The Greatest Gift of Asking for Help

Asking for help brings us closer

One of the humbling aspects of being a single mom is that I cannot possibly do everything on my own.  I need a lot of help. Asking for help has always been hard for me though. I thought being strong meant I could do everything and carry the weight of the world on my shoulders.  That belief comes from a place of feeling like I had to prove myself to earn love and acceptance. But I have learned that asking for help is a way of loving ourselves, loving the other person, and allowing ourselves to be loved by others.

I truly believe the saying “It takes a village to raise children”.  I feel so blessed to have a village of friends and family that I can turn to when I need help.  They watch my girls for me when I have work events, appointments, and meetings. They are there when I need another adult to talk to or parenting advice.  Their husbands even watch my girls so the moms can go out and have time together. I truly don’t know what I would do without them.

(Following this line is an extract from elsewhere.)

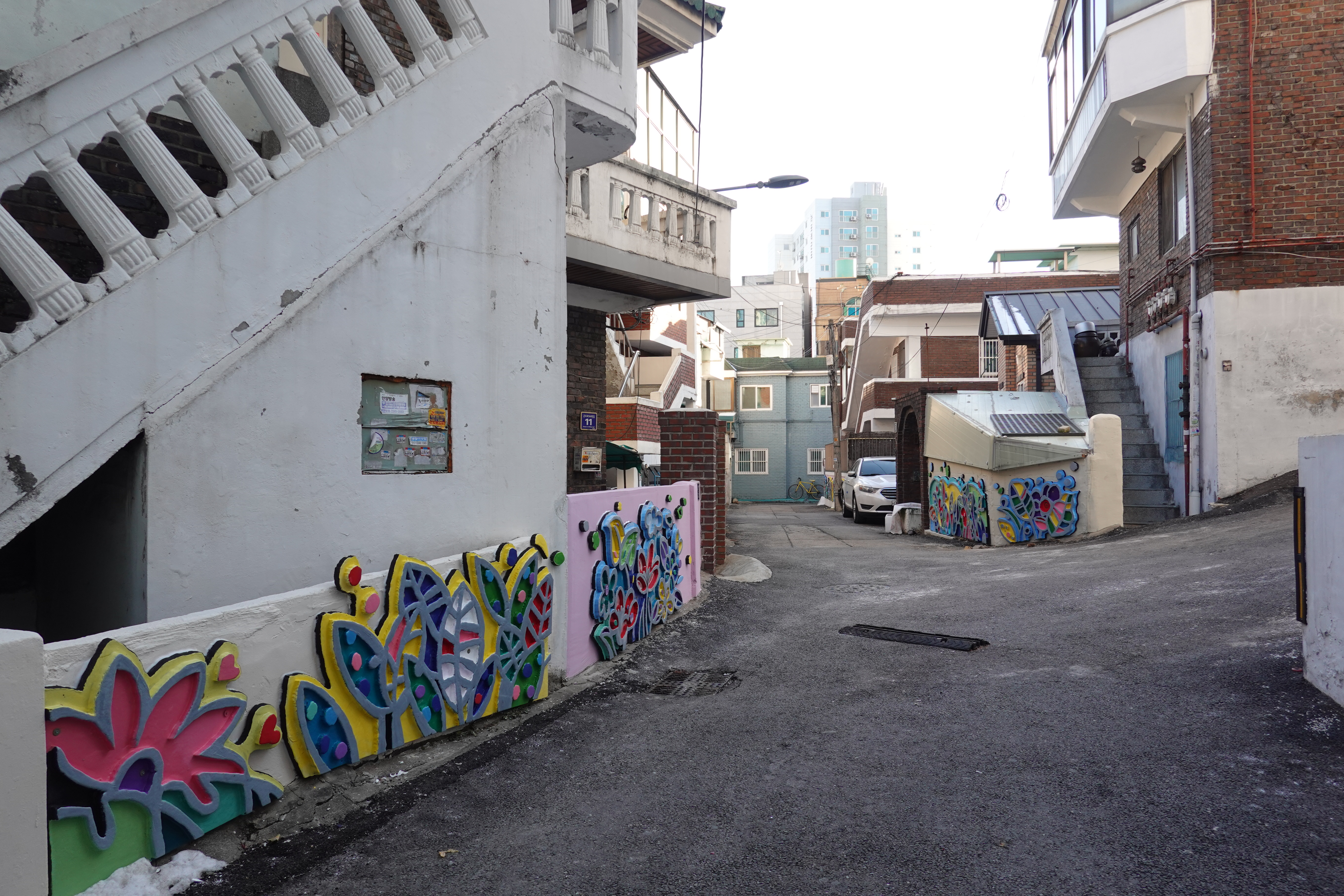 2023.12.22/ #도시기록 #군포 #골목 #동네 #벽화/ 군포역세권 도시재생뉴딜 아트프로젝트. 군포시 당동 749-24 일원 약 150m 골목에 벽화가 설치되었네요. G-ART (군포미술인 협동조합 조합장 강희진)에서 2023년 8월에 기획해서 11~12월 작업한 군포역전시장 뒷골목 아트프로젝트라고 합니다. 기대했던것 보다는 초라한 느낌.

But if I’m honest, I carry around some guilt about asking for so much help.  At times I feel selfish for receiving so much and not giving equally in return.  I feel like I owe something to the people who help me.

Over time I have come to realize that the help I receive is a gift from people who love me and care about me.  Dictionary.com defines ‘gift’ as ‘something given voluntarily without payment in return’.  My friends and family choose to help me because they want to. They don’t expect anything in return.

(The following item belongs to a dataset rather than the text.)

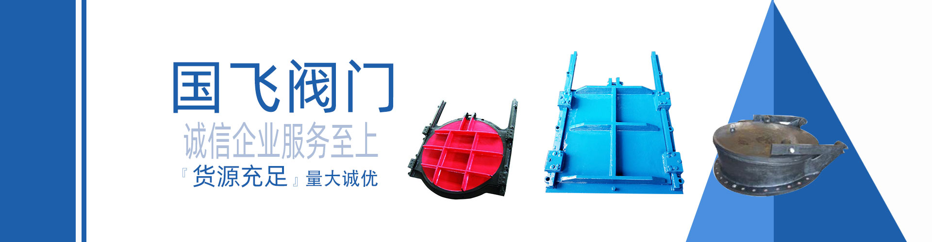 浙江國飛閥門科技有限公司坐落于擁有中國閥門之都”美稱的永嘉甌北,是集中開發(fā)、設(shè)計、制造、銷售為一體的科技型企業(yè),現(xiàn)主要生產(chǎn)的產(chǎn)品有污水處理閥,百葉閥、套筒閥、電動插板閥、不銹鋼渠道閘門、不銹鋼拍門、錐形閥、鑄鐵鑲銅閘門、電動通風(fēng)蝶閥、泄爆閥,配水閘閥,套套閥,浮筒閥,插板閥,電磁閥,燃?xì)饩o急切斷閥,不銹鋼電磁閥,高爐煤氣閥、電力閥、石化閥配套和特種非標(biāo)閥等10大類;產(chǎn)品廣泛應(yīng)用于石油、化工、冶金、建材、市政環(huán)保、制藥、電力等行業(yè)。

Giving a gift feels good to both the giver and the receiver.  By asking for help, we give others the chance to feel good about themselves.  And we get to feel good about receiving something from someone else, no strings attached.  It’s a win-win situation.

I have witnessed my self-worth growing just by asking for help.  When I start to feel guilty about asking my sister or a friend yet again to watch my girls, I remind myself that asking for help is an act of love.  I show that I love them by trusting them to be there for me; I allow them to show love by giving their help; and I love myself by asking for what I need to take care of myself.

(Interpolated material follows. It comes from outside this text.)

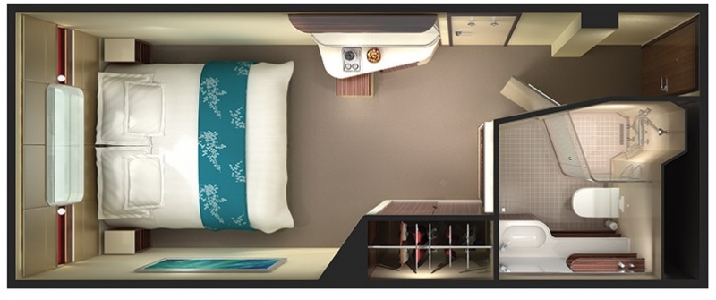 Κατ. Ι1, Ι2, ΙΑ – ΙΕ Οι εσωτερικές καμπίνες είναι είτε 4κλινες είτε δίκλινες. Διαθέτουν δύο χαμηλά κρεβάτια και έως δύο πτυσόμενες κουκέτες. Είναι μία καλή επιλογή σε προσιτή τιμή. Οι τετράκλινες καμπίνες βρίσκονται κοντά στην περιοχή των εγκαταστάσεων για παιδιά ενώ οι δίκλινες καμπίν βρίσκονται κυρίως στη μέση του πλοίου με εύκολη πρόσβαση σε όλους τους κοινόχρηστους χώρους.Εμβαδόν καμπίνας 14 τ.μ.Για 2 έως 4 άτομα.

For the first couple years after getting divorced, I was in a season where I needed a lot of help.  I had to adjust to a new way of life as a solo parent, and I constantly felt overwhelmed and exhausted.  My friends and family were my lifeline. I have so much gratitude for all they did for me, and I know God was working through them to carry me through that difficult time.  

While I am still a solo parent and I still need help, I am in a much different place now.  My girls and I have settled into our way of life as a family of three, and we have so much more peace and freedom.  I am in a new season of life, one where I can pay forward the love my friends and family bestowed on me. God has shown me that I am worthy and  is leading me to share His love, mercy, and grace with others.

I can take a long time to learn things, and sometimes God has to do things in a big way for me to hear what he is saying.  I think this past weekend was one of those times. My girls and I had the opportunity to pay the love forward by helping four different people all in the same weekend.  It was our turn to give back to the same friends who helped us so many times. We watched a fish, fed a dog, took care of chickens, watered plants, checked mail, and watched my friend’s girls.  

I didn’t do any of this because I felt like I should, like I had to pay someone back.  I did it because I wanted to and it felt good to be able to help others.  It was also a great opportunity for my girls to do the same.  Taking care of the animals brought them such great joy, and we had fun making our rounds to the different houses together as a family.

Seasons of life change.  Sometimes we find ourselves in a place of scarcity and need more help.  Other times we feel like we have an abundance are able to do more to help others.  Asking for help is not a sign of weakness. It is a sign of strength and acceptance that we are not meant to do this journey of life alone.